(Saved data entries)
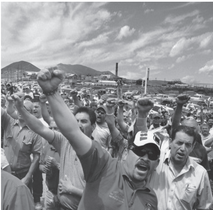
MINEROS EN LUCHA POR EL RESPETO A SU CONTRATO COLECTIVO Y A SU HUELGA.

En lo alto de un cerro se ubica el puesto de mando. Desde ahí se dominan los enormes tajos de la mina y toda la operación extractiva.
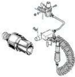
3M2564-1 KVP Kit tuerca de apriete neumática + alimentador
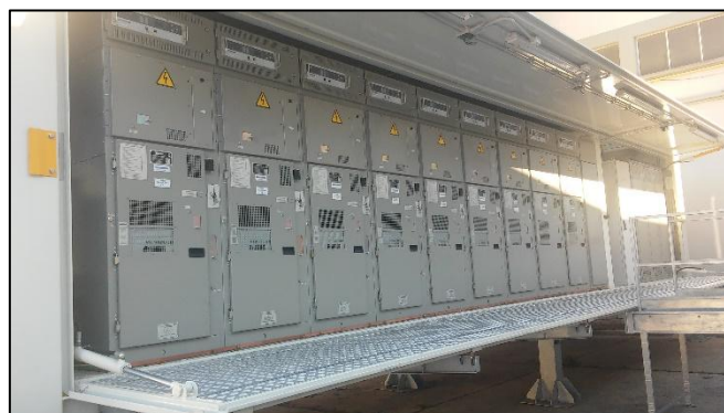
Figura 1: Enel GSCM 770

L'azienda ha deciso di realizzare lo studio LCA per il prodotto “SEZIONE MT IN CONTAINER PER CABINA PRIMARIA Enel GSCM 770 (DY770)” per poter analizzare quali siano gli impatti delle diverse fasi del prodotto e individuare possibili azioni di miglioramento per poterne migliorare le prestazioni ambientali. Si tratta di una EPD specifica del prodotto richiesto in fase di gara ENEL. In questo studio viene considerato il ciclo di vita del prodotto, dall'estrazione delle materie prime alla dismissione e smaltimento a fine vita, secondo l'approccio dalla culla alla tomba – “from cradle to grave”. I moduli inclusi nella valutazione, in accordo alla PCR e alla normativa tecnica di riferimento.
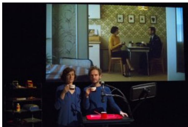
Blanche-Neige... La Cordonnerie
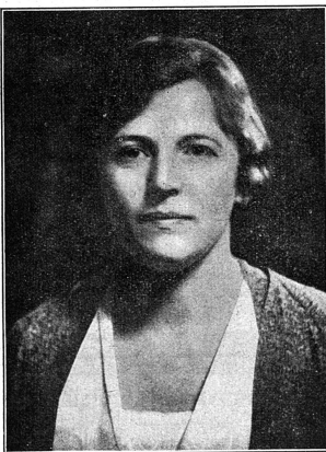
Cliché Mouvement Féministe Pearl BUCK

Et voilà pourquoi il faut partout des femmes expertes en ces diverses disciplines; or pour devenir expertes, il faut avoir conquis des grades universitaires qui attestent les études accomplies. Sans les femmes professionnelles des carrières libérales, il n'y aurait plus, de nos jours, que des hommes pour décider en haut lieu de la quantité de graisse ou de savon, qui sera attribuée à chaque ménage, pour juger de l'orientation qu'on donnera à l'éducation des enfants, de la nécessité d'octroyer aux gardes-malades un horaire supportable, pour établir les lois concernant les enfants mineurs ou les femmes employées dans l'industrie... on pourrait citer des exemples à l'infini.
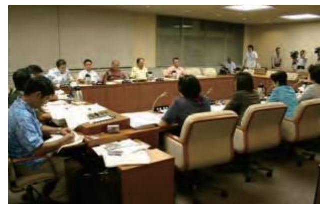
後期高齢者医療制度の廃止を求める陳情をめぐり、14日深夜まで白熱した討論が続いた文教厚生委員会。同陳情は、可否同数となり委員長裁決で採択された。終了は午後11時57分であった。(平成20年7月16日沖縄タイムス)
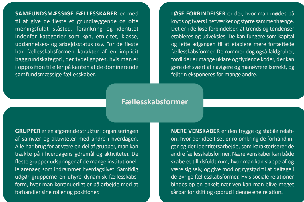
Figur 3. Fællesskabsformer i ungdomslivet

Det lægger med afsæt i Bruselius-Jensen et al (2023) op til en differentiering mellem de forskellige former for fællesskaber – 'samfundsmæssige fællesskaber', 'løse forbindelser', 'grupper' og 'nære venskaber' – der fylder og er tilbøjelige til at virke ind på unge og deres liv på forskellige måder. Det illustreres i figur 3

▶ [REQUIRED WORK] Word for word, return all the entries and skip their pictures.

▶ [ANSWER TO THIS TASK]
MINEROS EN LUCHA POR EL RESPETO A SU CONTRATO COLECTIVO Y A SU HUELGA.

En lo alto de un cerro se ubica el puesto de mando. Desde ahí se dominan los enormes tajos de la mina y toda la operación extractiva.
3M2564-1 KVP Kit tuerca de apriete neumática + alimentador
Figura 1: Enel GSCM 770

L'azienda ha deciso di realizzare lo studio LCA per il prodotto “SEZIONE MT IN CONTAINER PER CABINA PRIMARIA Enel GSCM 770 (DY770)” per poter analizzare quali siano gli impatti delle diverse fasi del prodotto e individuare possibili azioni di miglioramento per poterne migliorare le prestazioni ambientali. Si tratta di una EPD specifica del prodotto richiesto in fase di gara ENEL. In questo studio viene considerato il ciclo di vita del prodotto, dall'estrazione delle materie prime alla dismissione e smaltimento a fine vita, secondo l'approccio dalla culla alla tomba – “from cradle to grave”. I moduli inclusi nella valutazione, in accordo alla PCR e alla normativa tecnica di riferimento.
Blanche-Neige... La Cordonnerie
Cliché Mouvement Féministe Pearl BUCK

Et voilà pourquoi il faut partout des femmes expertes en ces diverses disciplines; or pour devenir expertes, il faut avoir conquis des grades universitaires qui attestent les études accomplies. Sans les femmes professionnelles des carrières libérales, il n'y aurait plus, de nos jours, que des hommes pour décider en haut lieu de la quantité de graisse ou de savon, qui sera attribuée à chaque ménage, pour juger de l'orientation qu'on donnera à l'éducation des enfants, de la nécessité d'octroyer aux gardes-malades un horaire supportable, pour établir les lois concernant les enfants mineurs ou les femmes employées dans l'industrie... on pourrait citer des exemples à l'infini.
後期高齢者医療制度の廃止を求める陳情をめぐり、14日深夜まで白熱した討論が続いた文教厚生委員会。同陳情は、可否同数となり委員長裁決で採択された。終了は午後11時57分であった。(平成20年7月16日沖縄タイムス)
Figur 3. Fællesskabsformer i ungdomslivet

Det lægger med afsæt i Bruselius-Jensen et al (2023) op til en differentiering mellem de forskellige former for fællesskaber – 'samfundsmæssige fællesskaber', 'løse forbindelser', 'grupper' og 'nære venskaber' – der fylder og er tilbøjelige til at virke ind på unge og deres liv på forskellige måder. Det illustreres i figur 3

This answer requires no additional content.